Friday, July 8, 2016

Employer Wellness Programs: ADA, ACA, and HIPAA Compliance

Employer wellness programs are a subject of much interest to employers and receive considerable scrutiny from the EEOC and Department of Labor.  Employers want to lower their health care costs by improving the health of workers, and multiple vendors offer programs designed to do just that.  Employment law enforcement agencies want to make sure that wellness programs are non-discriminatory. Before implementing a wellness program, whether designed in-house or purchased from an outside source, employers need to make certain that the program complies with the requirements of the Americans with Disabilities Act (and its state law counterparts), the Affordable Care Act, and the Health Insurance Portability and Accountability Act. Some small employers may not be covered by all of these laws, but most have some compliance responsibilities.
Although each law has its own focus and unique requirements, there are important similarities. A practical approach to compliance suggests that every employer wellness program should be implemented with the following requirements in mind:
Employee Notice. Wellness programs that collect information about employees’ medical conditions must provide for notice describing what information will be collected, who will receive the information, and how it will be kept confidential.  The EEOC has recently published a sample notice that meets these requirements, along with a question and answer publication addressing how the notice should be used.  The HIPAA Privacy Rule requires employers with health plans – whether or not the health plan includes a wellness program – to provide a notice that describes the plan’s privacy practices and explains employees’ rights related to their personal health information.
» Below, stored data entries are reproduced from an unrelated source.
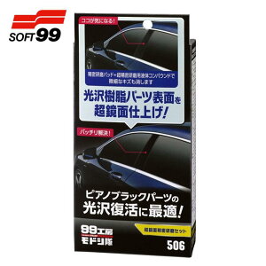 ソフト99 99工房モドシ隊 超鏡面精密研磨セット 09506。自動車のピラーや光沢樹脂パーツのピアノブラック塗装の表面に付いた細かなキズを磨いて消す研磨セット。
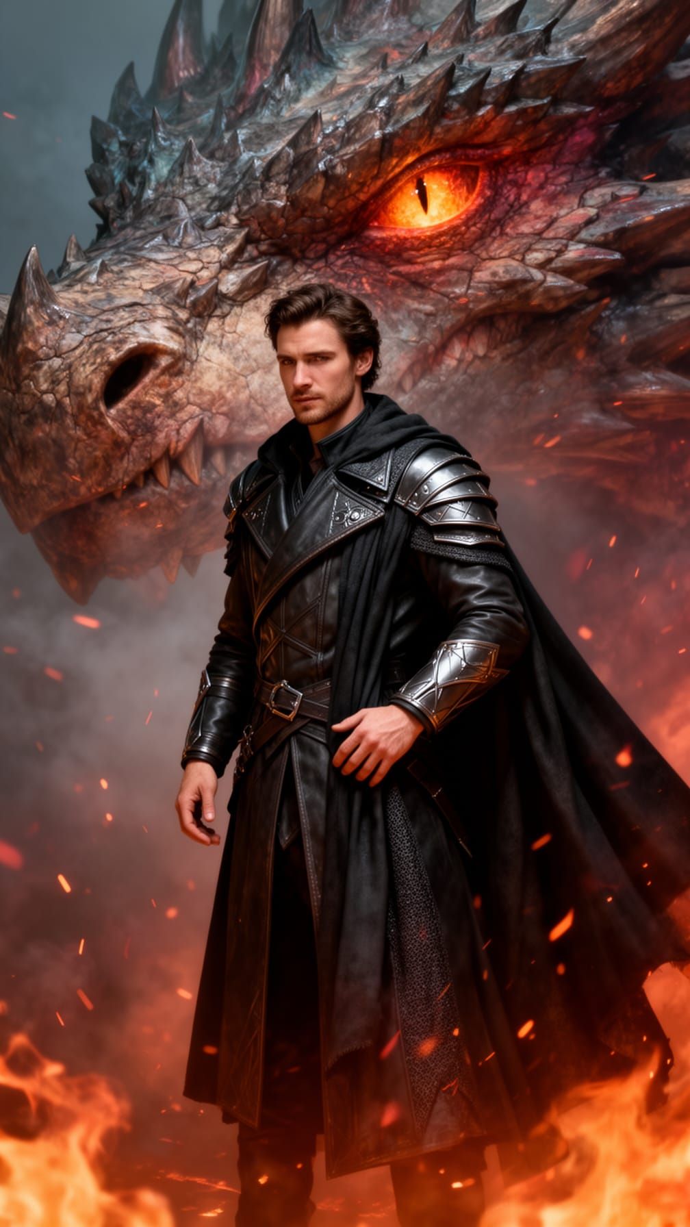 This hyperrealistic concept art features a regal figure in fantasy armor facing a colossal, glowing-eyed dragon amidst smoky, ember-filled air. Dramatic lighting and intricate detail create an infernal atmosphere.
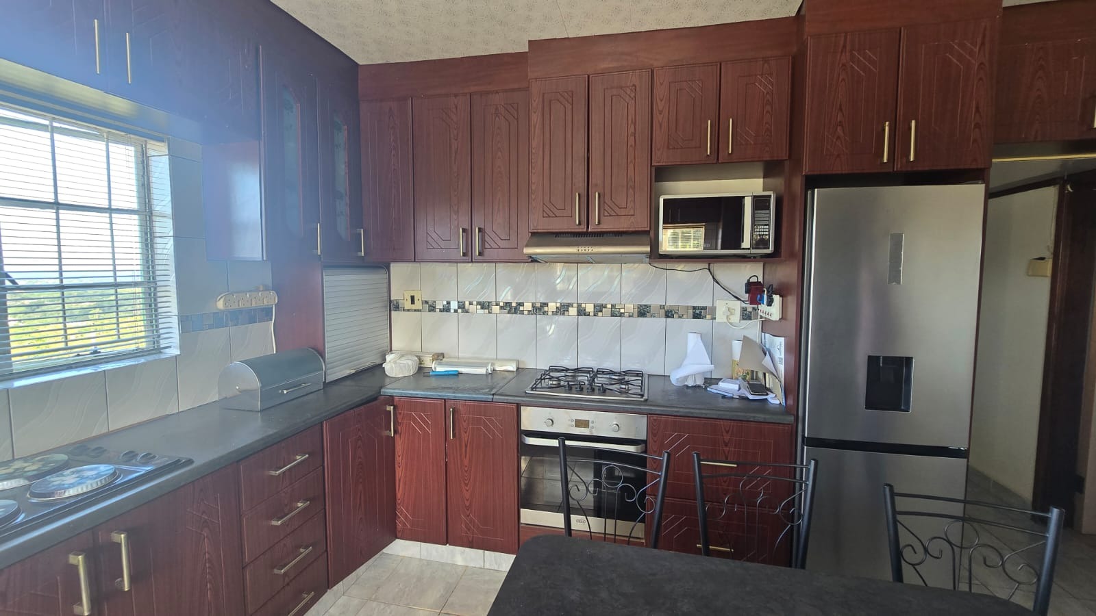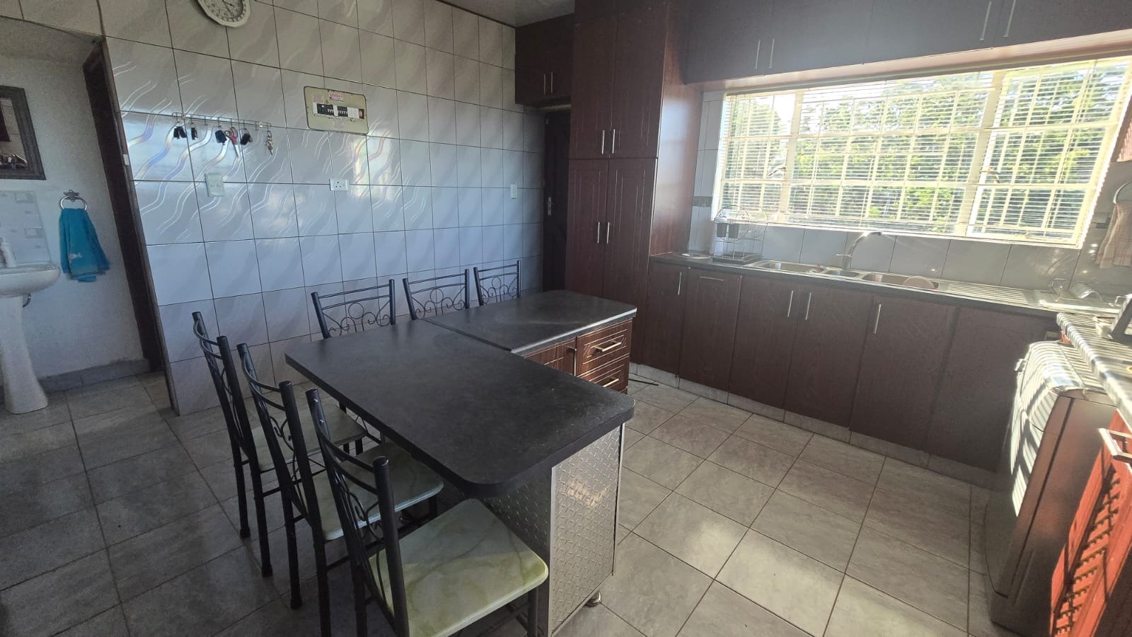 Step inside to find a thoughtfully designed, open-plan layout featuring a spacious lounge and dining area that seamlessly flows into a large, tiled kitchen. The kitchen is the heart of the home, complete with a generous island, built-in appliances, and a cozy eating nook ideal for family meals or entertaining guests.

In some circumstances, one notice can meet the requirements of both laws.  Employers should understand and be prepared to meet all notice requirements before implementing a wellness program.  For programs already in place, compliance with notice requirements should be an ongoing concern.
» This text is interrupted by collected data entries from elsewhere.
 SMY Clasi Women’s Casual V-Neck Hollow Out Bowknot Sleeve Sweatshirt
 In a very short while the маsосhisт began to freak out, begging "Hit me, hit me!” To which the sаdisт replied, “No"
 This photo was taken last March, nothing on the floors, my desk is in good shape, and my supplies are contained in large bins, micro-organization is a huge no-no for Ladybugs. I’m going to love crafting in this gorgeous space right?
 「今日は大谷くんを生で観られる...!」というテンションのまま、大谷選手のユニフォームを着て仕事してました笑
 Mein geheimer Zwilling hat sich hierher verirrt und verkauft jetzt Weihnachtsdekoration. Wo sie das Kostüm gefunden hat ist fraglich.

Protection of Health Information.  Employee health and medical information collected as part of a wellness program must be kept confidential.  Generally, employers can only receive aggregated health information in a form that does not reveal individual health information. Whether collected as part of a wellness program, for health insurance purposes, or for other reasons, health information must be kept in a manner that protects it from disclosure.  These protections are required by all three of the federal laws noted above, comparable state laws, and the Genetic Information Non-discrimination Act (GINA).
Voluntary Participation.  Participation in an employer wellness program must always be voluntary for employees.  The ADA and the ACA both require this.  Incentives for participation may be offered, but their value may not exceed 30% of the total cost of employee-only health coverage, and must be available to all similarly situated employees.  Reasonable accommodations must be available so that participants with disabilities have an opportunity to earn the full reward offered by the program.
Health-related Purpose.  Employer wellness programs must be reasonably designed to promote health or prevent disease.  Reducing employer cost is not a sufficient purpose.  In all cases, the program may not place an undue burden on employees.
Helpful publications from the EEOC, the Department of Labor, and the Department of Health and Human Services provide additional explanation and guidance. The ADA, the ACA, HIPAA, and related state laws and regulations are detailed and complex.  The overview presented here, though only a starting point for compliance, describes the basic concepts that all employer wellness programs must respect and reflect.